TULISAN KAWAN KITA TULISAN KAWAN KITA TULISAN KAWAN KITA
TULISAN KAWAN KITA TULISAN KAWAN KITA TULISAN KAWAN KITA
October 29, 2023

Nagari Pandai Sikek terkenal dengan kerajinan songket yang sangat diminati oleh wisatawan terutama wisatawan asing dan wisatawan dari luar Sumatra Barat. Nagari ini terletak di kaki gunung Singgalang, Kecamatan X Koto, Kabupaten Tanah Datar. Pandai Sikek dikelilingi sawah yang terbentang luas. Banyak sekali terlihat kolam-kolam di dekat rumah warga. Kolam-kolam yang biasa disebut “tabek” itu difungsikan warga untuk mencuci baju, mencuci piring, dan kadang juga dijadikan kolam pemandian oleh anak-anak. Pada tanggal 24 agustus 2023, saya dan Bayu berkunjung ke sana.

Tujuan kami ke Nagari Pandai Sikek ini adalah ingin mencari anak-anak yang sedang memainkan permainan tradisional, sehubung dengan adanya progam dari Forum Studi Ladang Rupa tentang mencari dan mendokumentasikan permainan tradisional atau permainan rakyat di daerah. Kegiatan ini menjadi progam penelitian yang berfokus pada permainan-permainan tradisional yang sudah mulai hilang atau ditinggalkan oleh anak-anak. Kami mengikuti lokakarya dan kelas materi, sebelum kami mengumpulkan data. Proses observasi ini saya mulai dari kampung halaman saya.

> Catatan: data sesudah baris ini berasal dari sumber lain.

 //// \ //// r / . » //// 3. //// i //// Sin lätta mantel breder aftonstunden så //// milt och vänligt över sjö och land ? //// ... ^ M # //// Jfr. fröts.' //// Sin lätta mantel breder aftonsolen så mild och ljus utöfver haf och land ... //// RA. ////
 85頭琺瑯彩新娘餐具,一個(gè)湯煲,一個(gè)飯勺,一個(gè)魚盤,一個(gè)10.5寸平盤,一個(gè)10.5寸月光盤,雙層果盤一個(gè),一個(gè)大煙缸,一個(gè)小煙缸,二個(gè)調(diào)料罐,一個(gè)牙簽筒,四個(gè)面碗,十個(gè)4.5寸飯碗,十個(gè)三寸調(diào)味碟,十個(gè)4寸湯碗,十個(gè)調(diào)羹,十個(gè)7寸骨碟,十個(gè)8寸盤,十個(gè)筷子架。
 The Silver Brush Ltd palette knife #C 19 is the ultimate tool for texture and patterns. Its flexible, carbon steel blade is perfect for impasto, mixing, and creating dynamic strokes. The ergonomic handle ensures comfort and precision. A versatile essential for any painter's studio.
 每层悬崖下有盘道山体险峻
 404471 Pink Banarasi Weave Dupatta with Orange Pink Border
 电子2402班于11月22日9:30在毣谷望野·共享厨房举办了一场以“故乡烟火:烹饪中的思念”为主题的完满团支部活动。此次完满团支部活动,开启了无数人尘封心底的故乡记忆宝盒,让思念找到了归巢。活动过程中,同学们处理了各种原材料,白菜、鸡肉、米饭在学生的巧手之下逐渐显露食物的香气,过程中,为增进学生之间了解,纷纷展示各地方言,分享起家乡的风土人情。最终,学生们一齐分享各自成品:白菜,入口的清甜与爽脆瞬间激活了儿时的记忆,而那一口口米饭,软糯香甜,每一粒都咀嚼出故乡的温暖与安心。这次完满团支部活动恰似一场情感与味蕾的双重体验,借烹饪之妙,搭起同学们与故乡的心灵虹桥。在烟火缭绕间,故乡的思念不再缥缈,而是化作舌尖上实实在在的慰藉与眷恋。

Setelah berkeliling sekitar dua puluh menit, kami sampai di Pagu- Pagu. Di sana ada lapangan bola yang dijadikan tempat bermain. Kami mendapati ada beberapa anak yang bermain di sana, tetapi mereka cuma memainkan sepak bola saja. Hal itu membuat kami jadi kurang tertarik untuk mendatangi anak-anak tersebut karena permainan yang mereka mainkan bukanlah permainan tradisional.

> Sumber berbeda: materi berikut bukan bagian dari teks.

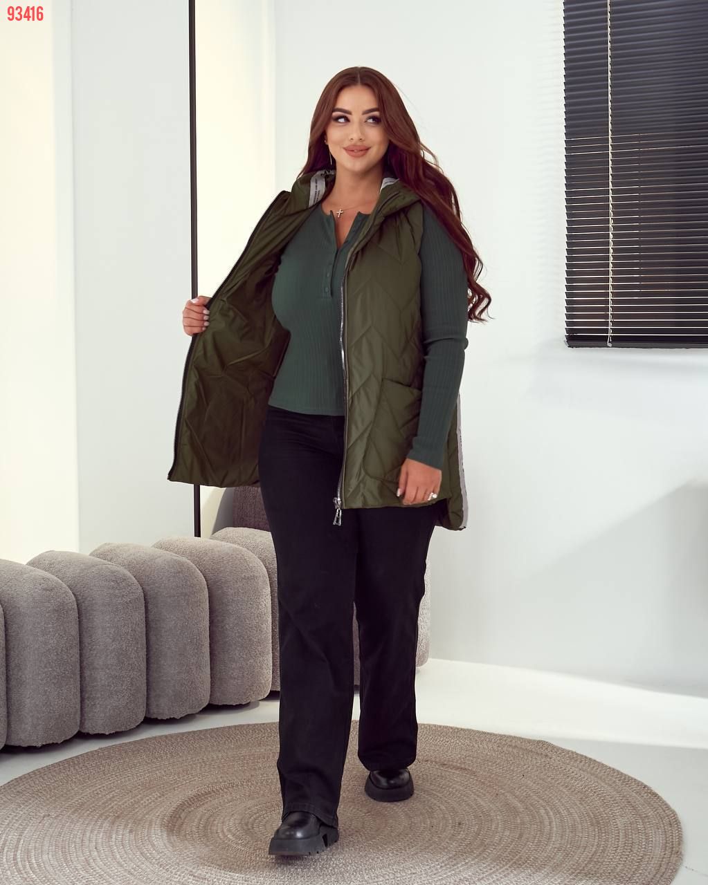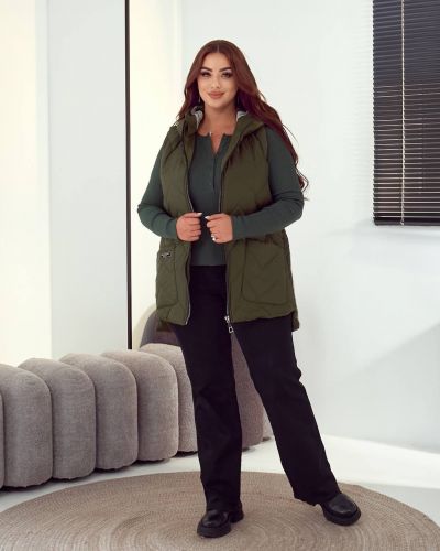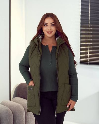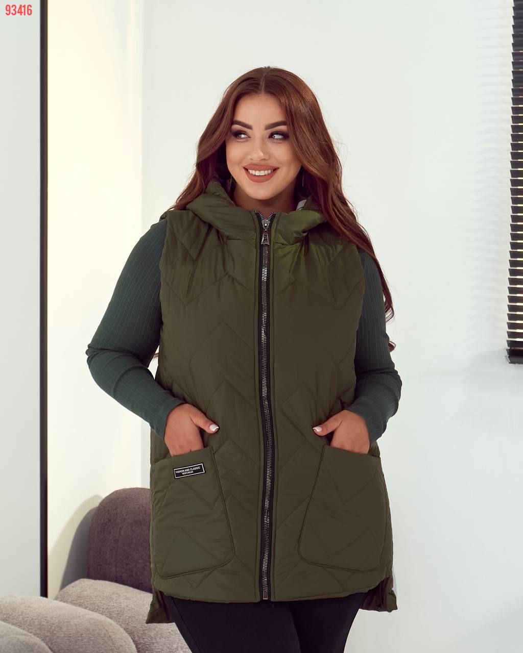 Стильна стегана жилетка прямого крою з накладними кишенями, зручний глибокий капюшон, декорована лампасами, якісна фурнітура.

Kami lalu melanjutkan pencarian ke Nagari Koto Laweh yang berdekatan dengan Nagari Pandai Sikek. Ketika jam menunjukkan pukul 14.50 WIB, kami sampai di Jorong Batu Panjang. Saya dan Bayu melihat lima orang anak yang sedang duduk- duduk di teras depan sekolah SDN 01 Koto Laweh. Mereka sedang memainkan sebuah permainan, permainan yang sudah empat belas tahun tidak pernah saya mainkan lagi, dan ternyata masih dimainkan oleh anak-anak tersebut. Mereka sedang asyik bermain kartu.

Saya meminta Bayu untuk masuk ke dalam perkarangan sekolah. Kami berpura-pura mencari guru di sekolah agar terhindar dari pikiran negatif dari anak-anak. Kemudian terjadilah percakapan Bayu dengan salah satu anak.

“Main apo kalian, tu?”

Salah seorang orang anak menjawab, “Iko, Bang, kami main “kocong,” Bang.”

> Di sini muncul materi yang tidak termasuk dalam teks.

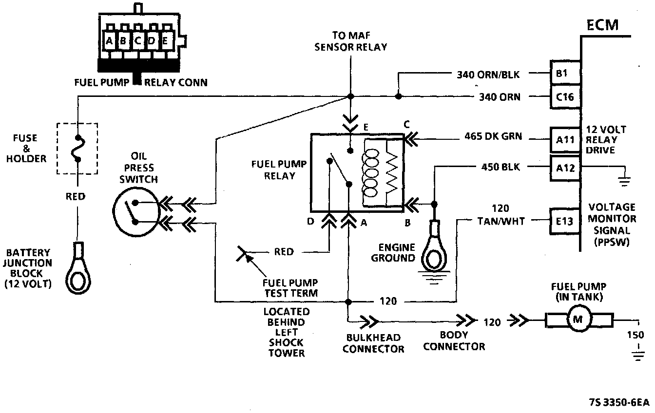 The status of the fuel pump CKT 120 is monitored by the Electronic Control Module (ECM) at terminal "E13" and is used to compensate fuel delivery based on system voltage. This signal is also used to store a trouble code, if the fuel pump relay is defective or fuel pump voltage is lost, while the engine is running. There should be about 12 volts on CKT 120 for 2 seconds, after the ignition is turned, or any time references pulses are being received by the ECM.
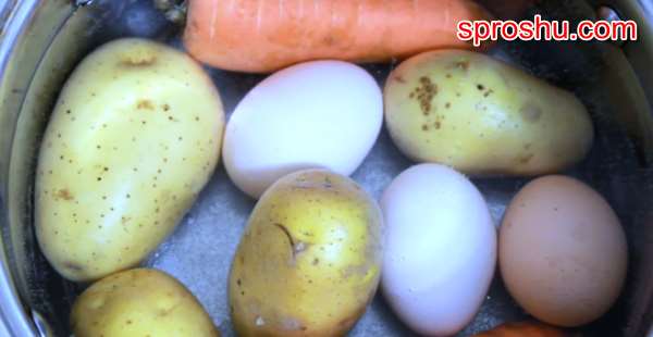 Сначала мою и отвариваю 6-7 картошин средней величины в мундире, одну морковку и 5-6 куриных яичек. Чтоб картошка и морковка не разварились и потом были упругими и не разваливались, в воду засыпаю полный стакан йодированной соли.
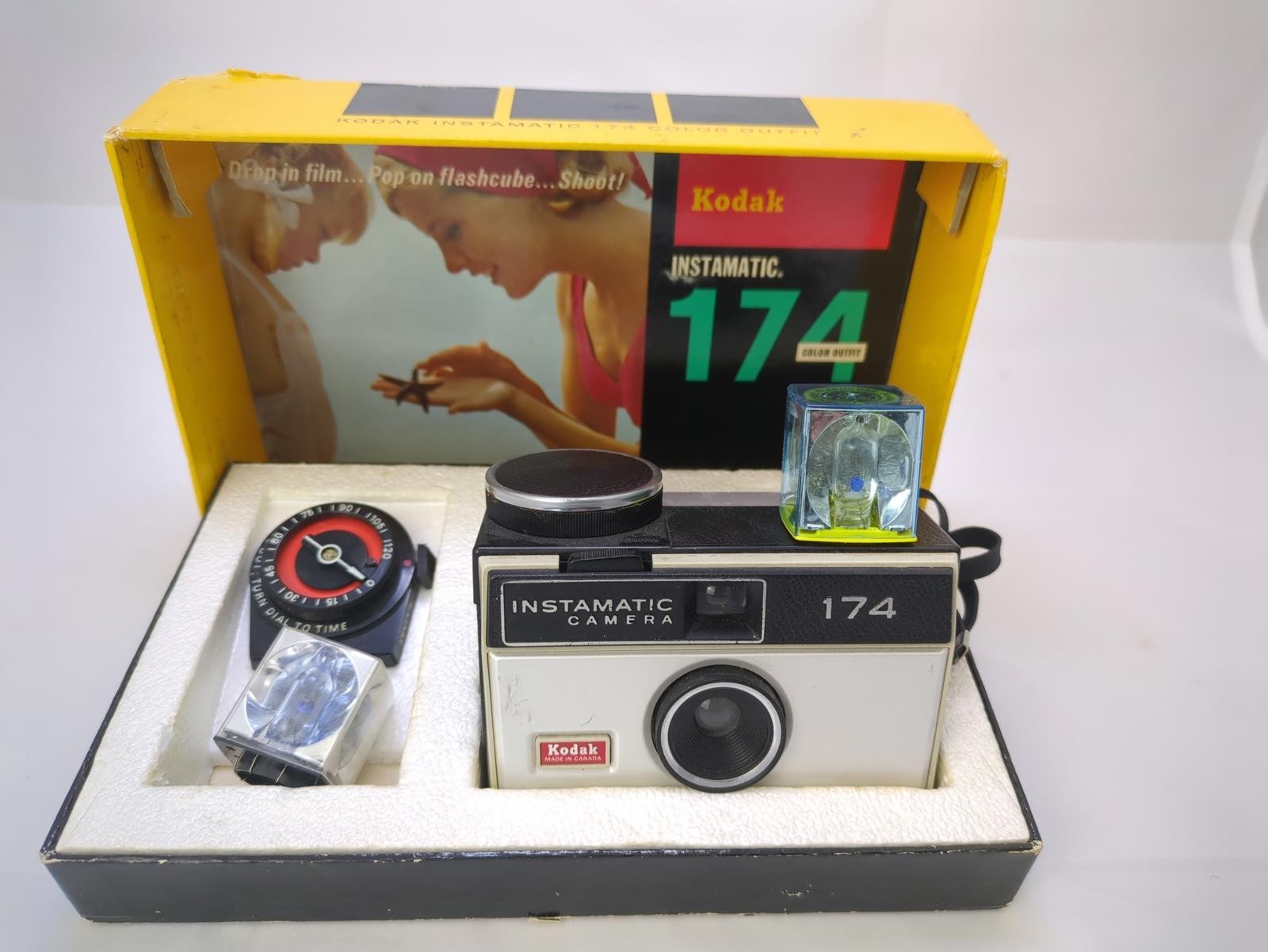 This listing features a vintage Kodak Brownie Super 27 camera along with two Kodak Instamatic cameras, including the Kodak Instamatic 174 and 134 models.

Kami bertanya apa itu kocong. Artinya “kocok” atau “diaduk”. Barulah kemudian saya memahami ternyata permainan kartu ini hanyalah soal penyebutan nama di masing-masing daerah, tetapi cara memainkannya tetap sama.

Setelah itu Bayu berkenalan dengan kelima anak tersebut. Ada Ozil (kelas 5), Daud (kelas 5), Ibra (kelas 6), Fadil (kelas 5), dan Panda (kelas 6). Saya kemudian berinisiatif mengambil handphone di dalam tas lalu merekam momen tersebut. Saya mendapatkan video yang lumayan panjang, sekitar lima belas menit. Di dalam video itu, saya melihat mereka memainkan berbagai variasi permainan kartu atau gambar: tapuak angin/ sah, main kocong, dan main kolok tarompa.

Permainan Tapuak Angin dimainkan dengan cara meletakkan selembar gambar yang terbalik di telapak tangan kedua pemain lalu melepaskan gambar itu ke lantai. Gambar yang menghadap ke atas adalah pemenang. Gambar yang terbalik adalah pihak yang kalah, dan jika salah satu gambar menumpuk di gambar lawan itu juga termasuk atau dianggap pemenang.

Sedangkan permainan Kocong dimainkan dengan cara kartu yang diaduk lalu dibagi dan ditumpuk menjadi 2-4 bagian, kemudian si pemain akan menebak nilai pada kartu apakah angkanya besar atau kecil. Jika si penebak itu benar maka semua tumpukan kartu menjadi milik si pemenang, dan dianggap kalah jika sebaliknya salah dalam menebak.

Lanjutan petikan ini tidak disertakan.